## What is expected
Each line of the data below between the one containing "Renew soli za" and the one containing "arry Kanes Fußballschuh", both included, is to be repeated exactly. Please omit pictures.

## Recorded data
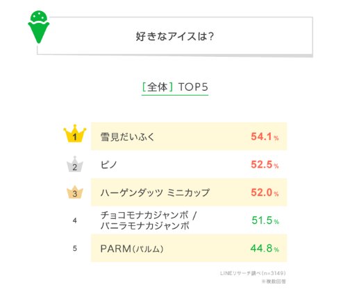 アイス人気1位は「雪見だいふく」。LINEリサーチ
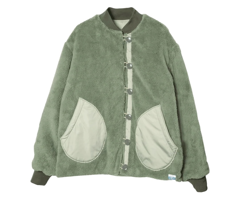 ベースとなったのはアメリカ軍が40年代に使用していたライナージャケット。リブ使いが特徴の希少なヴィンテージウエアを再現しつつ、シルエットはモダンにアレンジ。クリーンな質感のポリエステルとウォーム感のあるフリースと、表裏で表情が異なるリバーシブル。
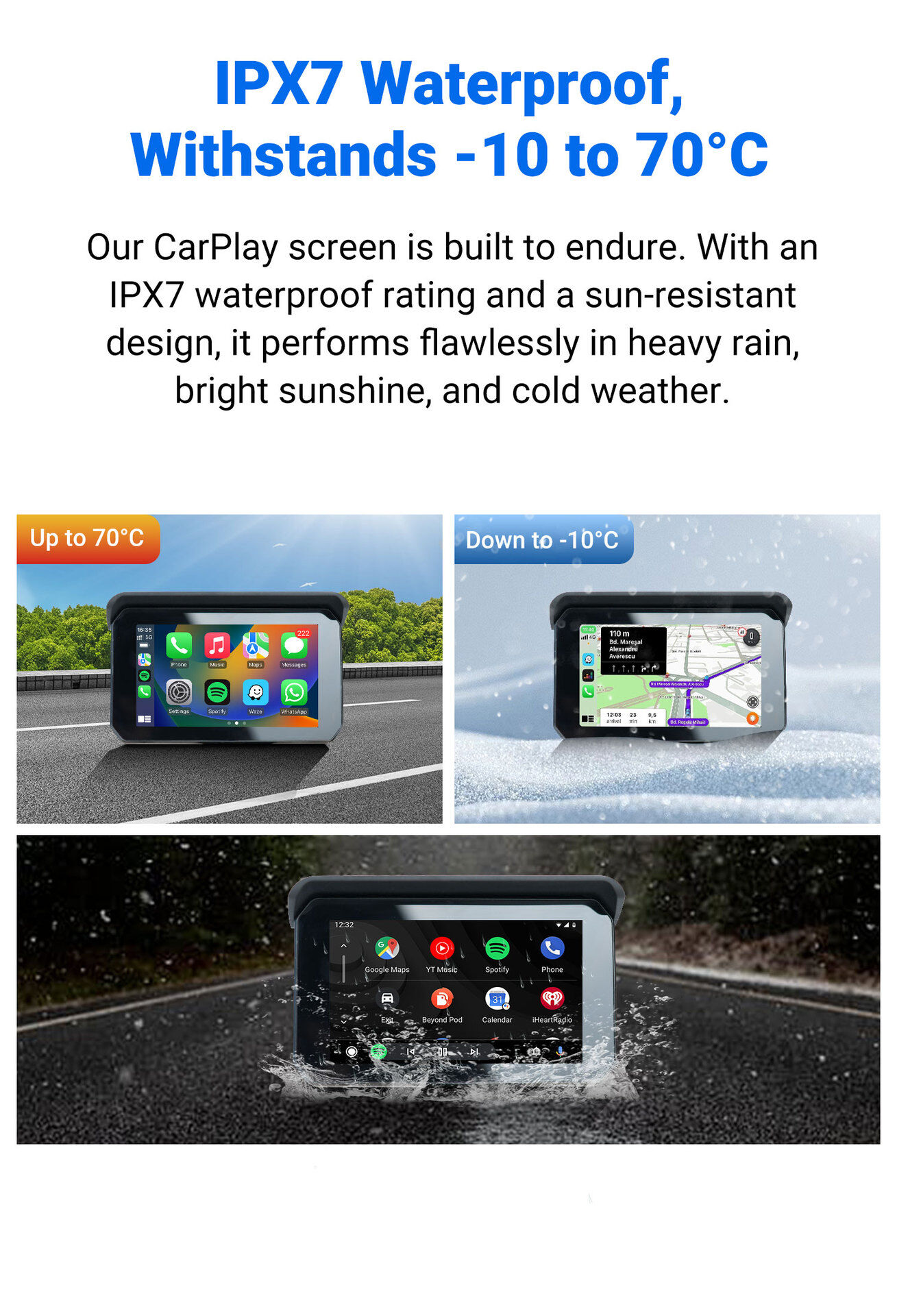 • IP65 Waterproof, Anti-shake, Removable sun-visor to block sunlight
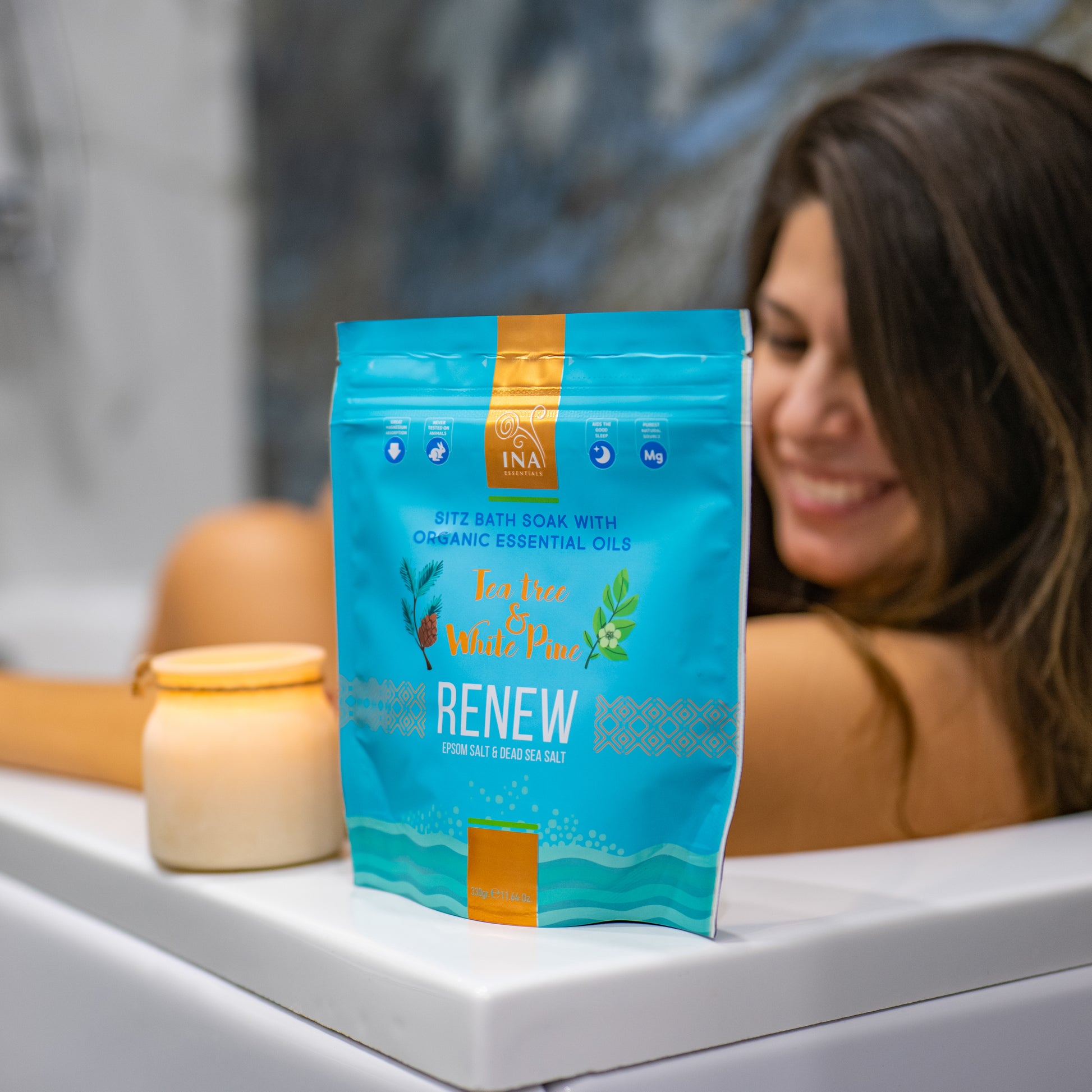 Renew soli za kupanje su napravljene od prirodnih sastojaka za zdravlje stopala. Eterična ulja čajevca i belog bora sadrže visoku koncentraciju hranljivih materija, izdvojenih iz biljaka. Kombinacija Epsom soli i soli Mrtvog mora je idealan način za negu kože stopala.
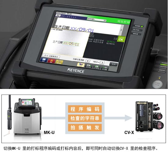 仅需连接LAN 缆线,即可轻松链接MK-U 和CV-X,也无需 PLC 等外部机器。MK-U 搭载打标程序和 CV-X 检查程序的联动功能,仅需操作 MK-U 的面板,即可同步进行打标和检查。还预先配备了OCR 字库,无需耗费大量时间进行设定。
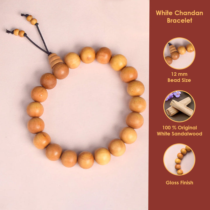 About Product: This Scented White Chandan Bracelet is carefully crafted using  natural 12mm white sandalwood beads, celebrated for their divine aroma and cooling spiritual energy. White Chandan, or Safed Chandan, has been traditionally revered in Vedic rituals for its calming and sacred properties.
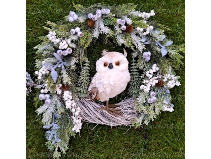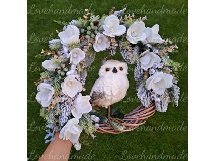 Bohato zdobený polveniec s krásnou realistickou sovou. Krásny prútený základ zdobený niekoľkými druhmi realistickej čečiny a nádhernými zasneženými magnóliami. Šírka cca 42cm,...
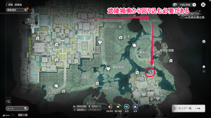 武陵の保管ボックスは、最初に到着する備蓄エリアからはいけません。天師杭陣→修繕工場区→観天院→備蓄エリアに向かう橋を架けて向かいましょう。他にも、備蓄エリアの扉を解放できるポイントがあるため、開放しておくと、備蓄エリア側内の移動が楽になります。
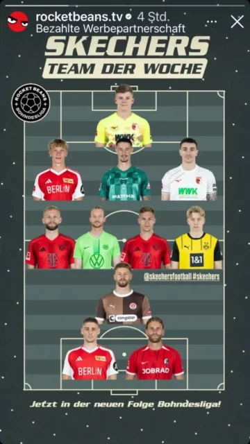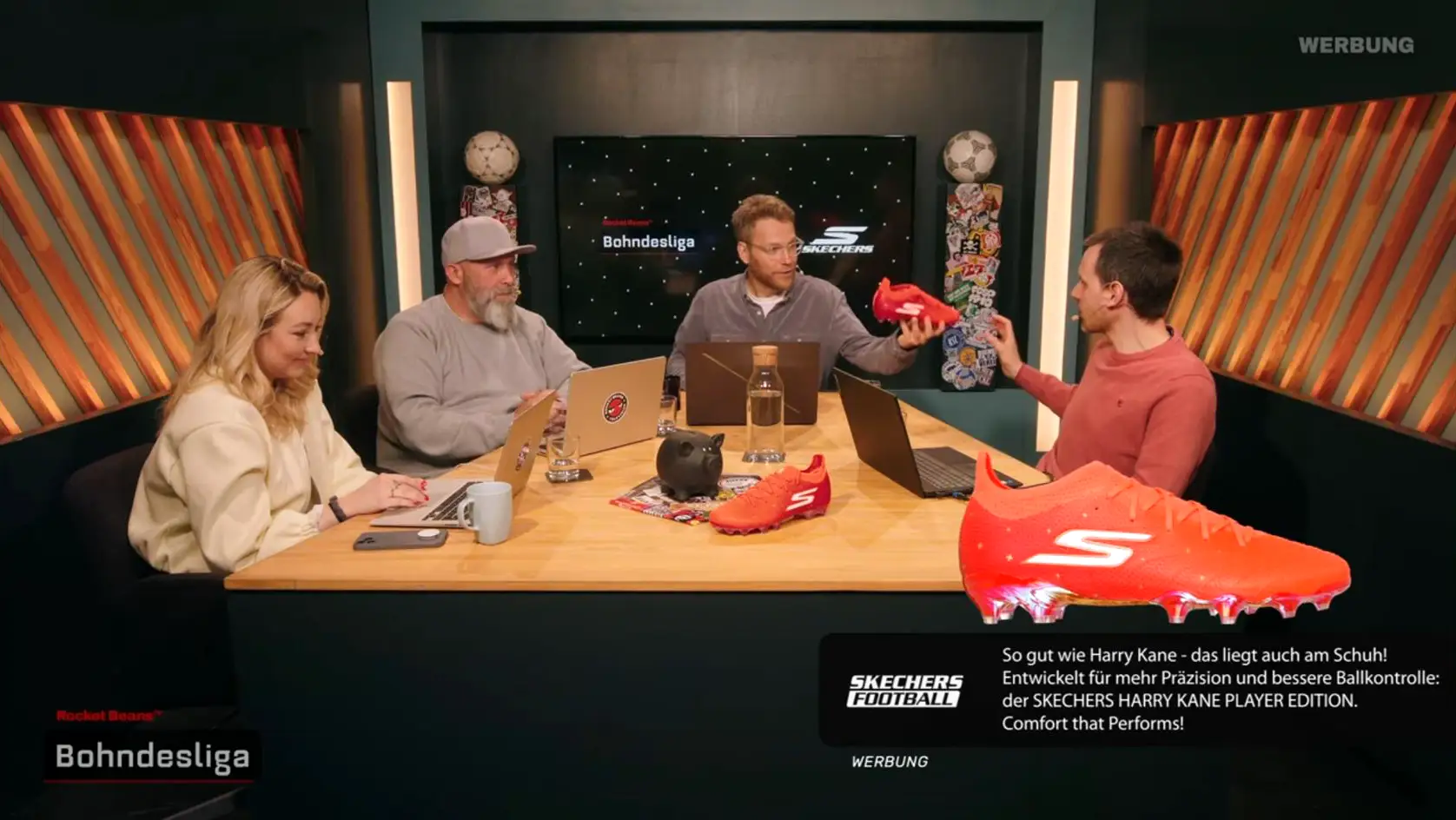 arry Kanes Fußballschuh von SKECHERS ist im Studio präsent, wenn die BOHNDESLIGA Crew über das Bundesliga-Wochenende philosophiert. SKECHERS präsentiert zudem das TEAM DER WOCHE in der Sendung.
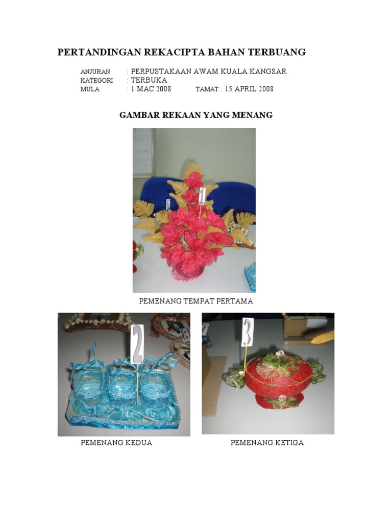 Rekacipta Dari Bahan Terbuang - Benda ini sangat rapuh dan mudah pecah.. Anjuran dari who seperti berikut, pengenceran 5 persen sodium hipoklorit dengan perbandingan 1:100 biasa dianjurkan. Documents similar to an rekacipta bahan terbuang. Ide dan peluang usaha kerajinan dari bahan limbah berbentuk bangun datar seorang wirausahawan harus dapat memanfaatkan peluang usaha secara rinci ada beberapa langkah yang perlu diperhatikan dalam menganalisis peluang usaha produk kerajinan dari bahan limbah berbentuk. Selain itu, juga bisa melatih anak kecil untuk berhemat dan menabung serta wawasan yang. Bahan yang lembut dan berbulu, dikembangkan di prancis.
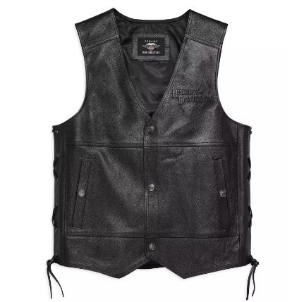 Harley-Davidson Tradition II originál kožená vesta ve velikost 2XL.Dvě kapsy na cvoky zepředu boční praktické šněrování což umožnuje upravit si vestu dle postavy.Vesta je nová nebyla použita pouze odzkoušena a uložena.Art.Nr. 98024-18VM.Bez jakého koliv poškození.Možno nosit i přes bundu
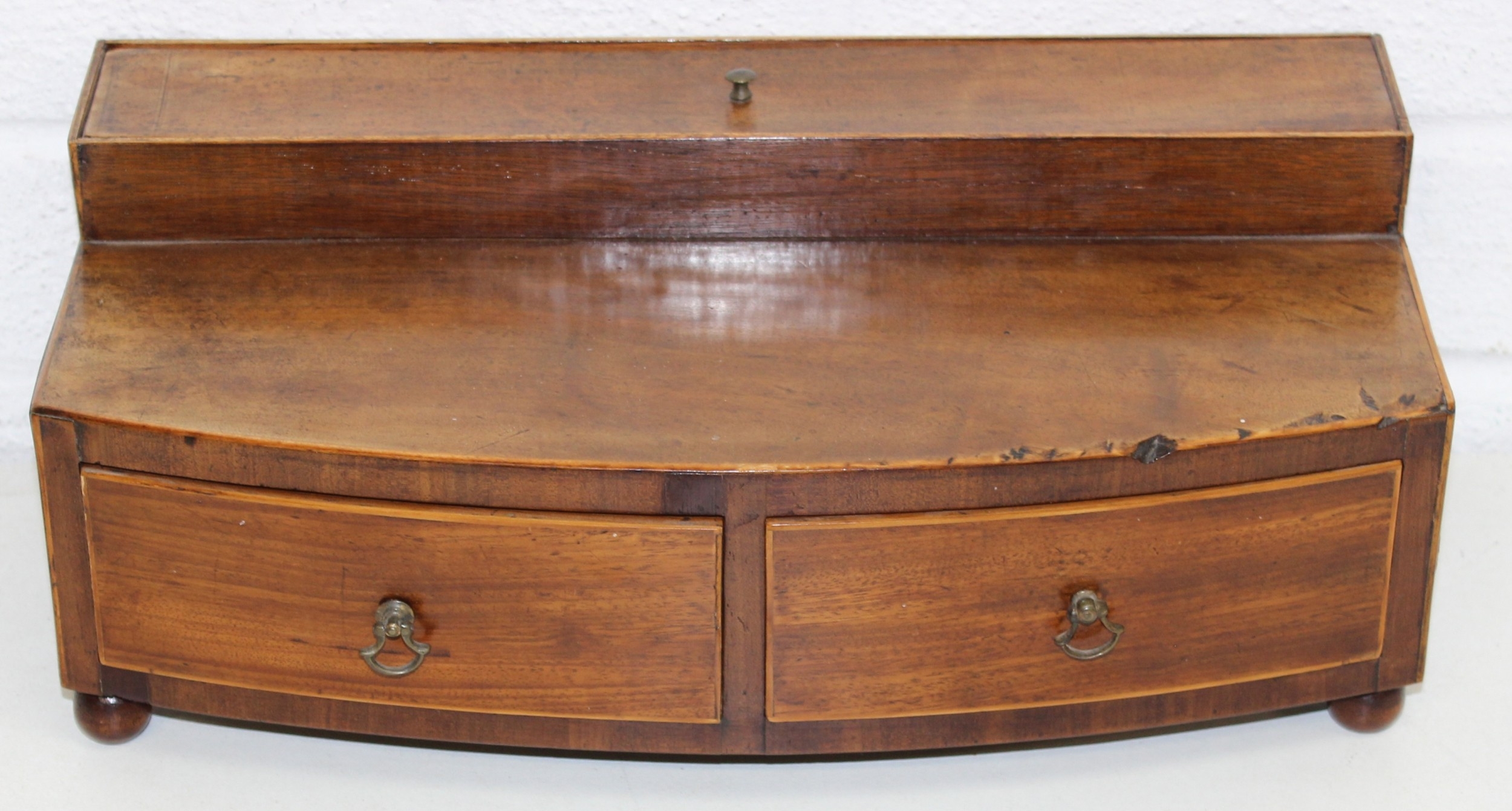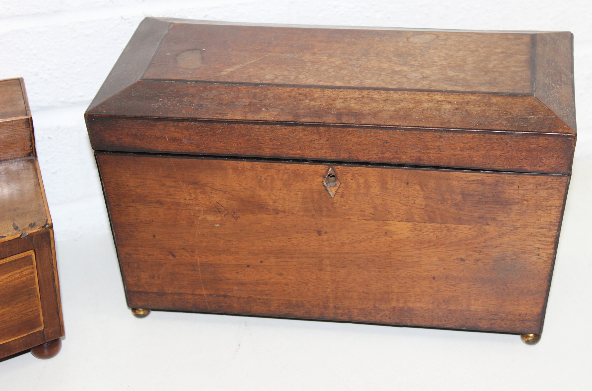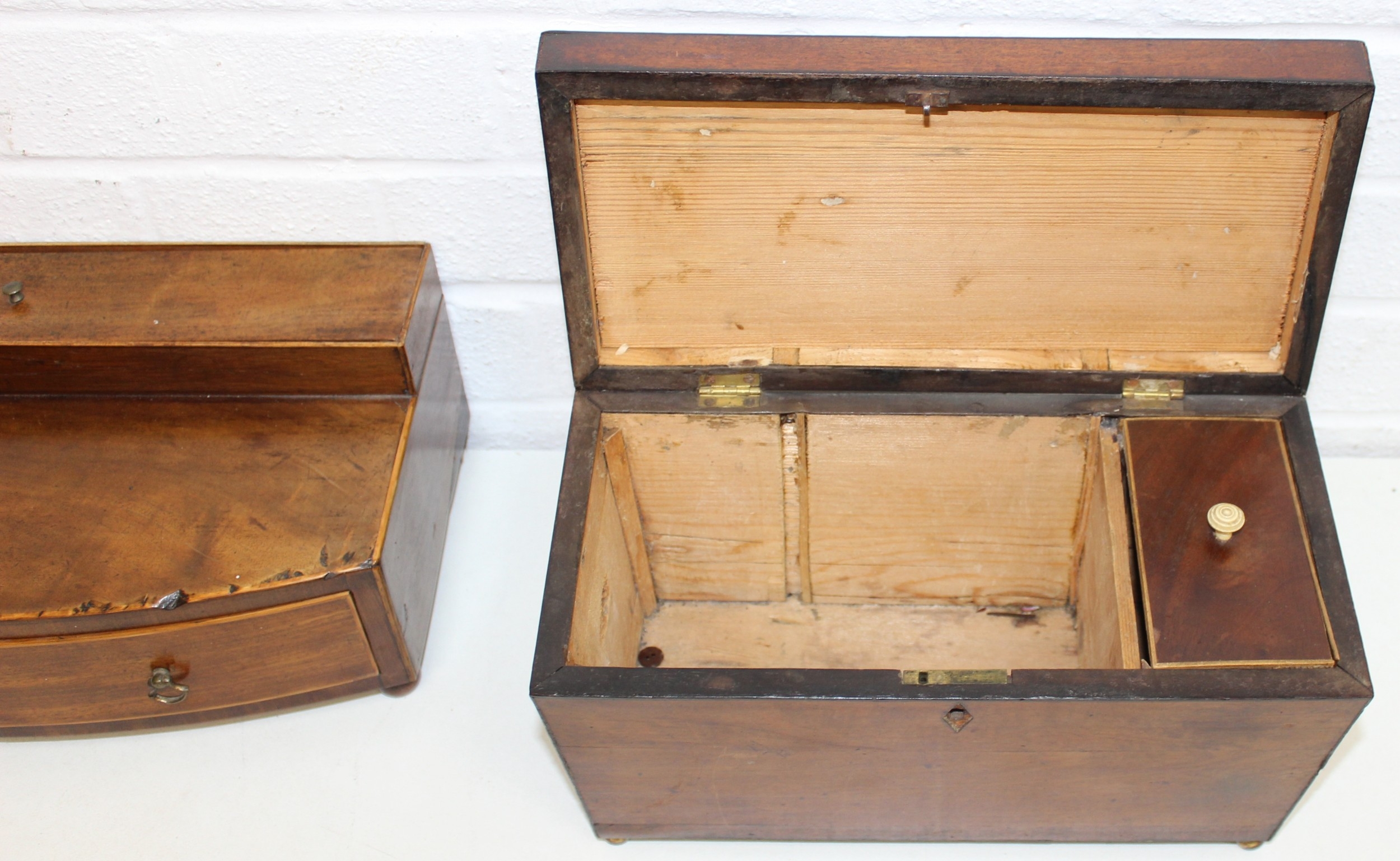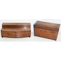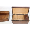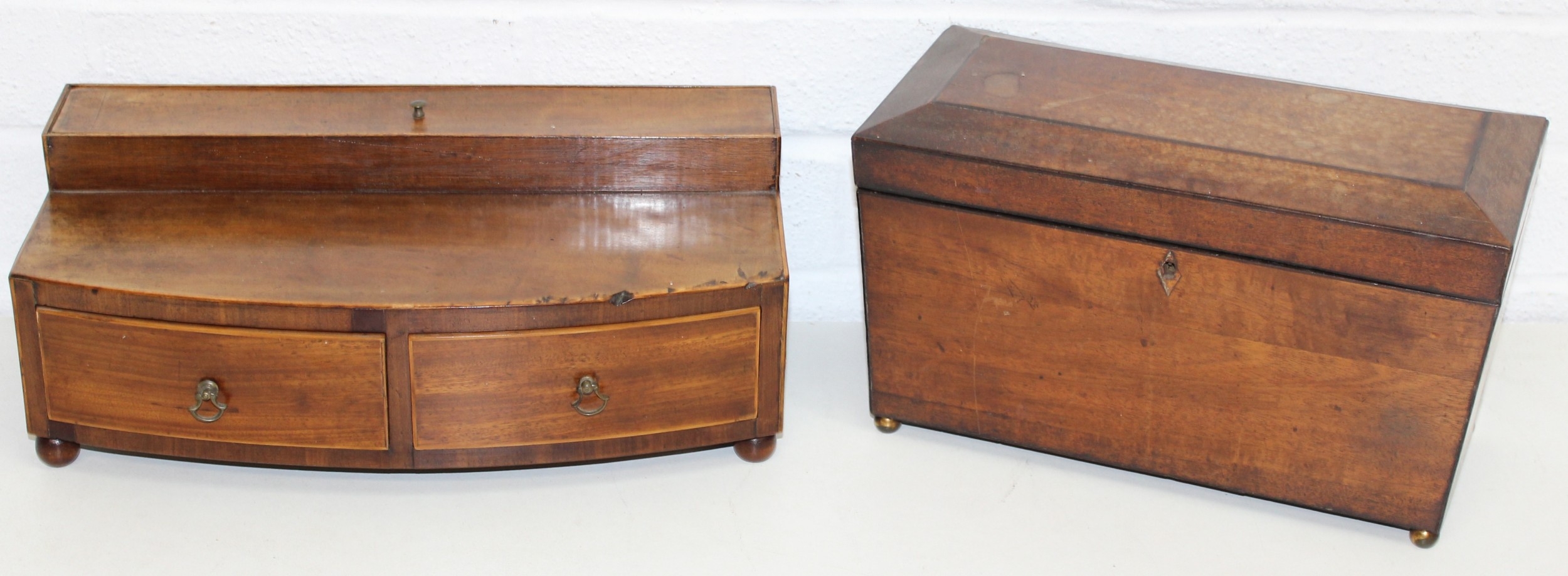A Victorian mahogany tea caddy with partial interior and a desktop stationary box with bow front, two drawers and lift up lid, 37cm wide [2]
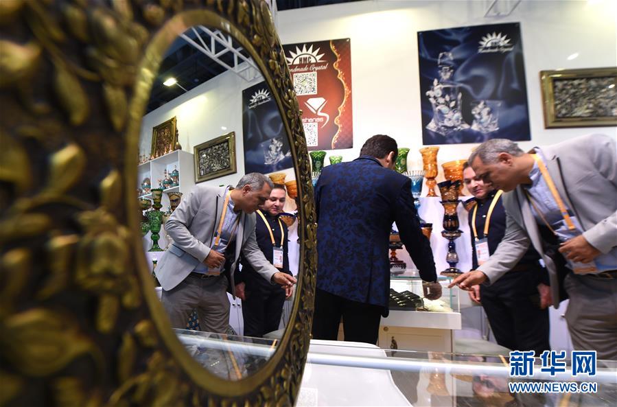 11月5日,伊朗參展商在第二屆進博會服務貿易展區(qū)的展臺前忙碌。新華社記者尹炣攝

## Task result
 Renew soli za kupanje su napravljene od prirodnih sastojaka za zdravlje stopala. Eterična ulja čajevca i belog bora sadrže visoku koncentraciju hranljivih materija, izdvojenih iz biljaka. Kombinacija Epsom soli i soli Mrtvog mora je idealan način za negu kože stopala.
 仅需连接LAN 缆线,即可轻松链接MK-U 和CV-X,也无需 PLC 等外部机器。MK-U 搭载打标程序和 CV-X 检查程序的联动功能,仅需操作 MK-U 的面板,即可同步进行打标和检查。还预先配备了OCR 字库,无需耗费大量时间进行设定。
 About Product: This Scented White Chandan Bracelet is carefully crafted using  natural 12mm white sandalwood beads, celebrated for their divine aroma and cooling spiritual energy. White Chandan, or Safed Chandan, has been traditionally revered in Vedic rituals for its calming and sacred properties.
 Bohato zdobený polveniec s krásnou realistickou sovou. Krásny prútený základ zdobený niekoľkými druhmi realistickej čečiny a nádhernými zasneženými magnóliami. Šírka cca 42cm,...
 武陵の保管ボックスは、最初に到着する備蓄エリアからはいけません。天師杭陣→修繕工場区→観天院→備蓄エリアに向かう橋を架けて向かいましょう。他にも、備蓄エリアの扉を解放できるポイントがあるため、開放しておくと、備蓄エリア側内の移動が楽になります。
 arry Kanes Fußballschuh von SKECHERS ist im Studio präsent, wenn die BOHNDESLIGA Crew über das Bundesliga-Wochenende philosophiert. SKECHERS präsentiert zudem das TEAM DER WOCHE in der Sendung.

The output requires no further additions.